Connect with us

Finance

America, but with fewer immigrants

blogaid.org

Published

on

America, but with fewer immigrants

America is an outlier. Its GDP per capita is much higher than any other country with at least 10 million inhabitants. The US GDP per capita (adjusted for PPP) is $85,373, while the next nine range from Taiwan at $77,858 to Great Britain at $58,880. (These are all IMF estimates for 2024.) If you prefer nominal GDP measured at current exchange rates, the difference is even greater. The US is back at $85,373, while Australia comes in second at $66,589.

There is another way in which the US is an outlier. We have experienced far more immigration than any other country. How should we think about these two facts?

Opponents of immigration often claim that it makes America poorer by driving down wages. Presumably this means that if we had experienced less immigration, we would be even richer. Imagine if instead of 330 million people, our population had only increased to 110 million – somewhere between Germany and Japan. How rich would we be in that case?

I suppose it is possible that even though America is much richer than all other medium and large countries, and even though we have had much more immigration than other countries, immigration has depressed incomes in America. Perhaps with lower levels of immigration we would be even more of an outlier.

But does that seem likely?

David Levey referred me to a recent study of this question Alessandro Caiumi and Giovanni Peri. Here’s the summary:

In this article, we revive, extend, and improve on the approach used in a series of influential articles from the 2000s to estimate how changes in the supply of immigrant workers affected U.S. native wages. We begin by extending the analysis to the more recent years 2000-2022. We are also introducing three important improvements. First, we introduce an IV that uses a new skill-based shift share for immigrants and the demographic evolution for natives, which we show passes validity tests and has reasonably strong power. Second, we provide estimates of the impact of immigration on the employment-to-population ratio of natives to test whether displacement exists at the national level.
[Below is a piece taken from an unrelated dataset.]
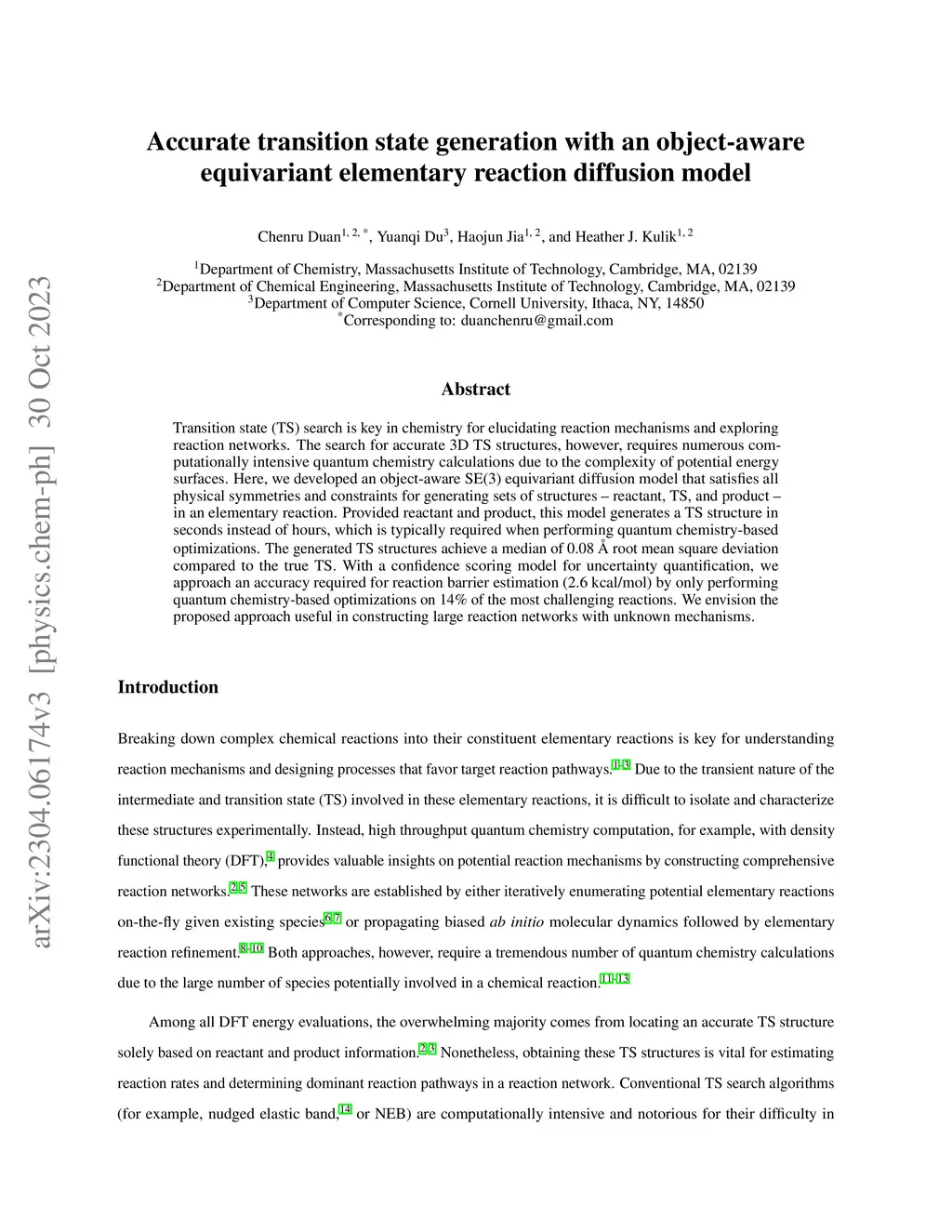 Transition state (TS) search is key in chemistry for elucidating reaction mechanisms and exploring reaction networks. The search for accurate 3D TS structures, however, requires numerous computationally intensive quantum chemistry calculations due to the complexity of potential energy surfaces. Here, we developed an object-aware SE(3) equivariant diffusion model that satisfies all physical symmetries and constraints for generating sets of structures - reactant, TS, and product - in an elementary reaction. Provided reactant and product, this model generates a TS structure in seconds instead of hours required when performing quantum chemistry-based optimizations. The generated TS structures achieve a median of 0.08 {\AA} root mean square deviation compared to the true TS. With a confidence scoring model for uncertainty quantification, we approach an accuracy required for reaction rate estimation (2.6 kcal/mol) by only performing quantum chemistry-based optimizations on 14\% of the most challenging reactions. We envision the proposed approach useful in constructing large reaction networks with unknown mechanisms.

Third, we analyze the occupational improvement of natives in response to immigrants. Using these estimates, we calculate that immigration is due to complementarity between natives and immigrants and the university skills of immigrants, had a positive and significant effect of +1.7 to +2.6% on the wages of lower-educated native workers in the period 2000-2019, and no significant wage effect on natives with a university education. We also calculate a positive employment effect for most native workers. Even simulations for the most recent period 2019-2022 suggest small positive effects on non-university wages and no significant displacement effects on employment. [Emphasis added]

I think this is the key:

complementarity between natives and immigrants and the university skills of immigrants

Other countries are usually good at one thing, like building cars or pumping oil from the ground. America’s diverse population allows us to adapt to changing global trends. When new industries develop, we are usually at the forefront (smartphones, fracking, professional basketball, e-commerce, electric cars, AI, GMO food, superhero movies, high-speed trading, etc., etc. We have all kinds of people, able to to fill all kinds of niches.

Opponents of immigration may have a model in mind where adding labor to a fixed amount of land reduces per capita output. But that’s not how the real world works. The American people, not the country, are his greatest resource.

P.S. The GDP per capita of very small countries is often distorted by factors such as multinational income, oil revenues and tax haven status.